PanthersStack Feb. 20 | Carolina's Window Is Open. Now Comes the Hard Part.
The Panthers are sitting on more cap flexibility than most fans realize. Is Dan Morgan willing to make some uncomfortable moves?
The Money Problem — And How Carolina Can Fix It
The Carolina Panthers closed out the most meaningful season they’ve had since 2017, but a wild-card exit to the Los Angeles Rams left questions hanging in the air. The biggest isn’t about Bryce Young’s arm talent or whether Dave Canales can take this team further. It’s the kind of question that rarely gets answered on the field: can Dan Morgan and EVP Brandt Tilis create enough financial room to actually upgrade this roster before it stagnates?
Right now, the answer is: barely — but there’s a path.
According to Over the Cap, the Panthers currently carry roughly $13.5 million in raw cap space for 2026. That number, however, is something of a mirage. Carolina rolled over approximately $24 million in unused cap room from the 2025 season, and with the league-wide salary cap projected to rise from $279.2 million to somewhere between $302 and $305 million, Sports Illustrated’s Bill Enright estimates the Panthers should realistically have somewhere in the neighborhood of $39 to $50 million to work with once everything settles. That’s a workable number. It is not a comfortable one.
Five players on this roster will each count more than $20 million against the 2026 cap: Taylor Moton, Robert Hunt, Jaycee Horn, Tre’Von Moehrig, and Derrick Brown.
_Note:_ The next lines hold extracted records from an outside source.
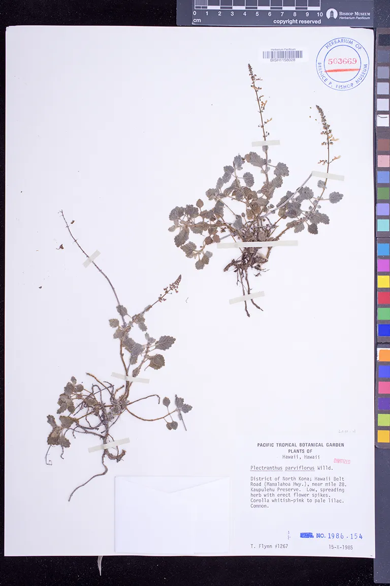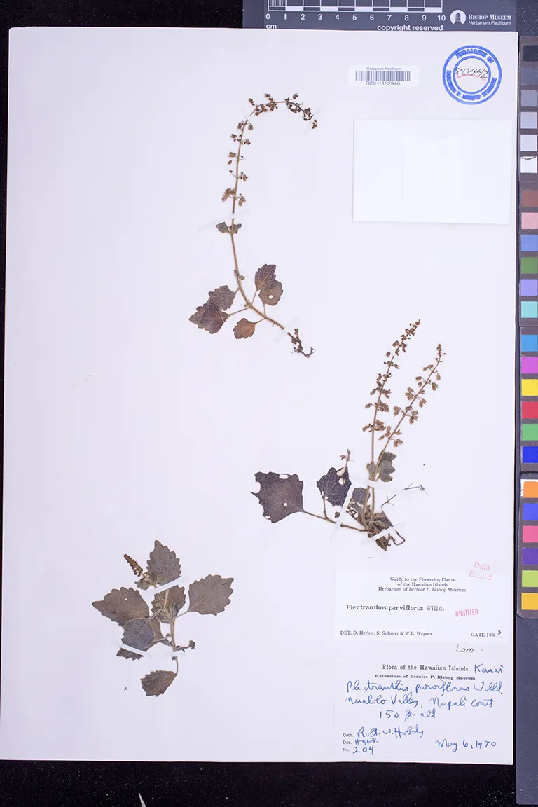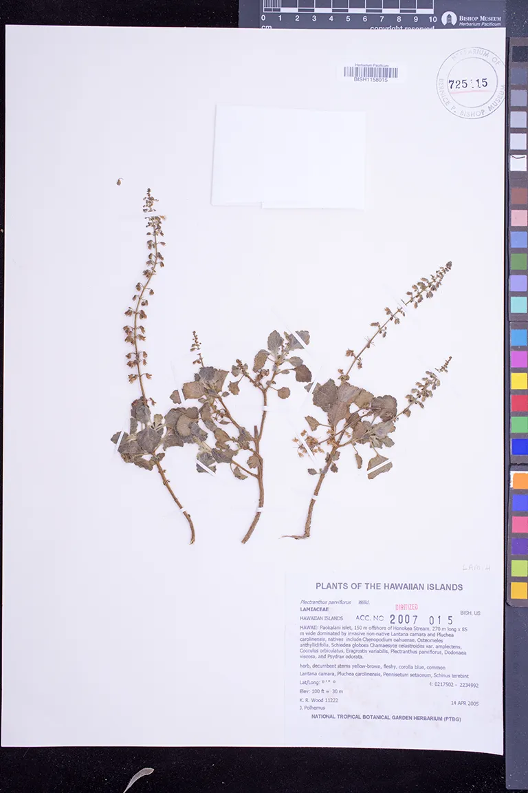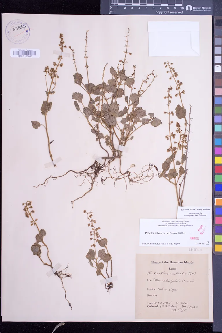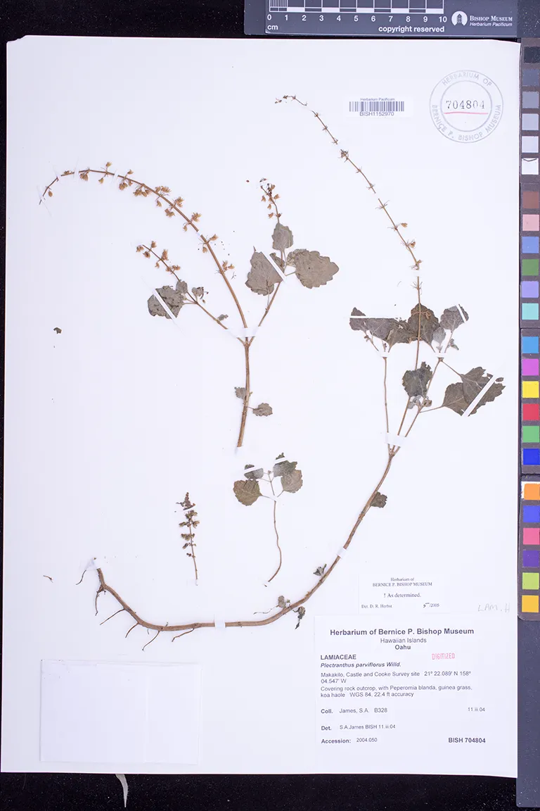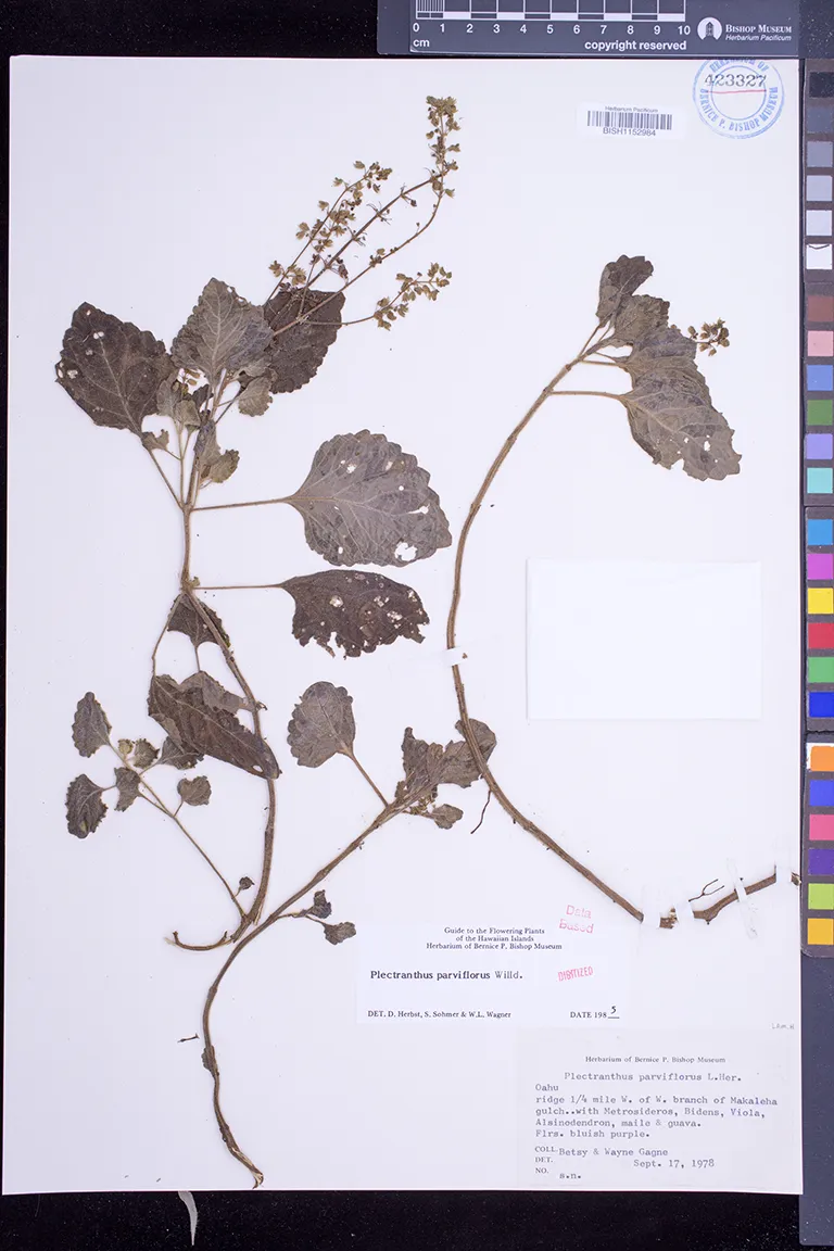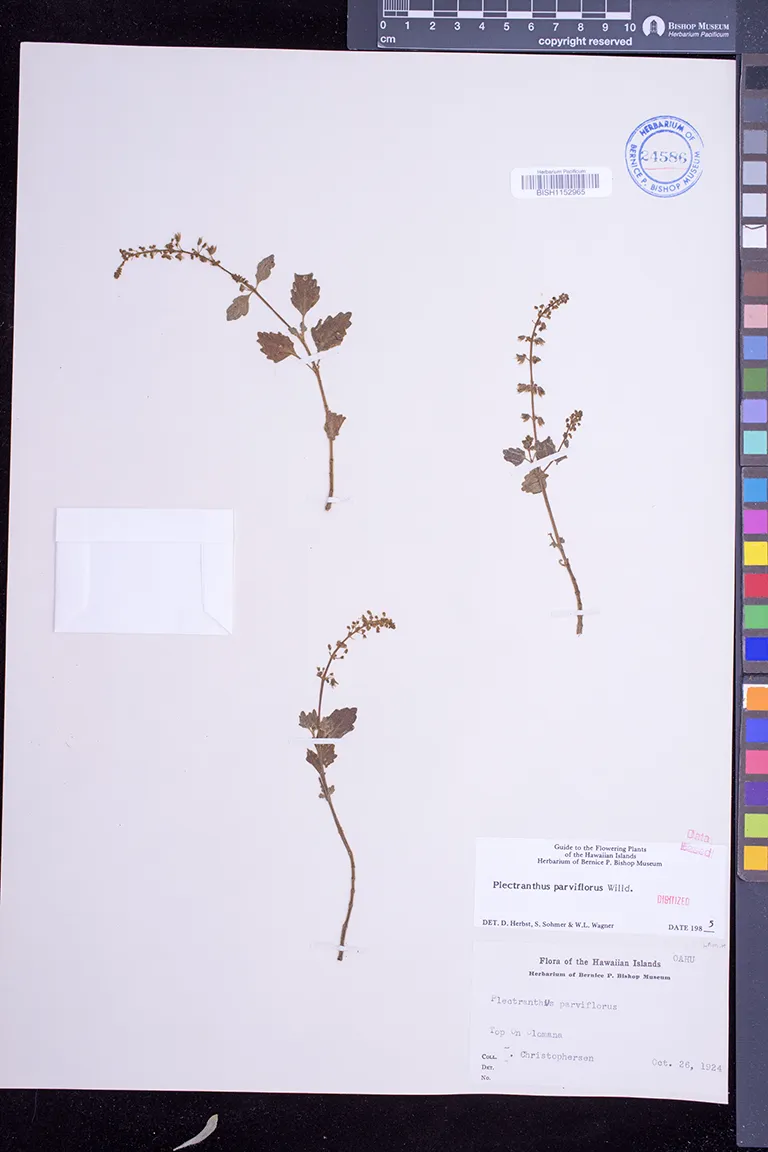 • The fruits of Plectranthus parviflorus are small brown nuts less than 1/4 inch long. To collect them, remove the flower spikes from the plants after they flowers have fallen off and place them on a piece of paper or in a paper bag.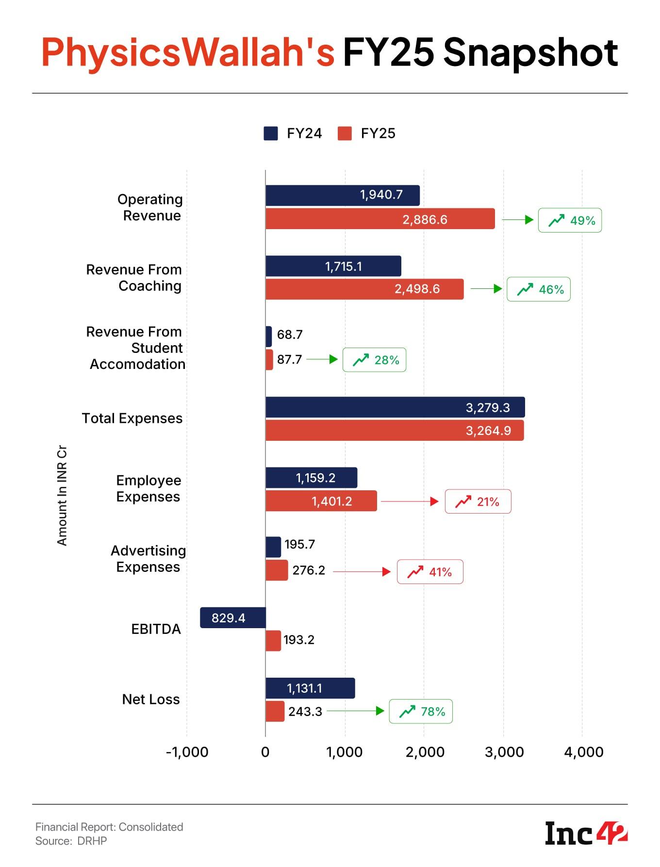 In the run up to its IPO, edtech major PhysicsWallah (PW) managed to narrow its consolidated net loss by 78% to INR 243.3 Cr in FY25 from INR 1,131.1 Cr in the previous fiscal year. However, the loss in FY25 was still nearly 3X of INR 84.1 Cr loss it posted in FY23.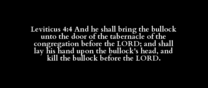 Leviticus 4:4 And he shall bring the bullock unto the door of the tabernacle of the congregation before the LORD; and shall lay his hand upon the bullock's head, and kill the bullock before the LORD.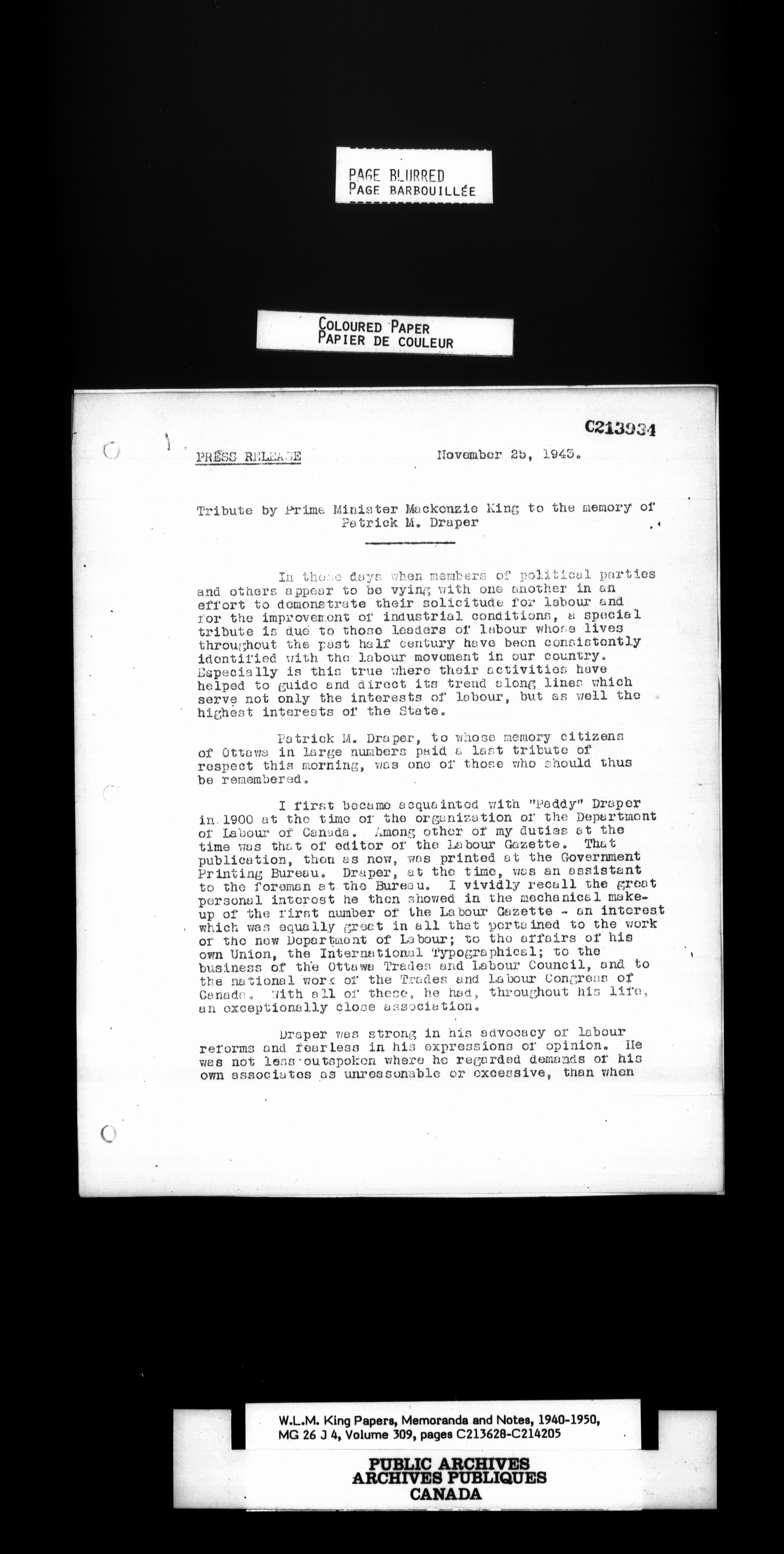 W. L. Mackenzie King : Memoranda and Notes - 1512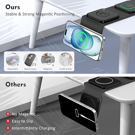 - Alineación magnética y fuerte absorción: nuestro estador de carga 3 en 1 con imanes de alta calidad, garantiza una alineación sin esfuerzo con la bobina de carga de tu teléfono, garantizando una experiencia de carga rápida y estable. Ya no tendrás que buscar la posición perfecta. Simplemente coloca tu iPhone en el cargador y deja que haga el resto.

On top of that, the team is on the hook for Ikem Ekwonu’s $17.56 million fifth-year option — for a player who might not take a snap in 2026 after tearing his patellar tendon in the playoff loss to the Rams.
That is a brutal ledger entry.
The Restructure Card
The cleanest, least painful lever Morgan and Tilis can pull is a contract restructure on Jaycee Horn. Horn is entering the prime years of his career. He remains one of the better cornerbacks in the NFC South. Per Cat Crave, restructuring his deal would create an additional $12.31 million in 2026 cap space without touching his pay. Restructures don’t take money from players — they convert base salary into signing bonus that gets spread over the life of the contract. It simply buys time. And right now, time is what Carolina needs.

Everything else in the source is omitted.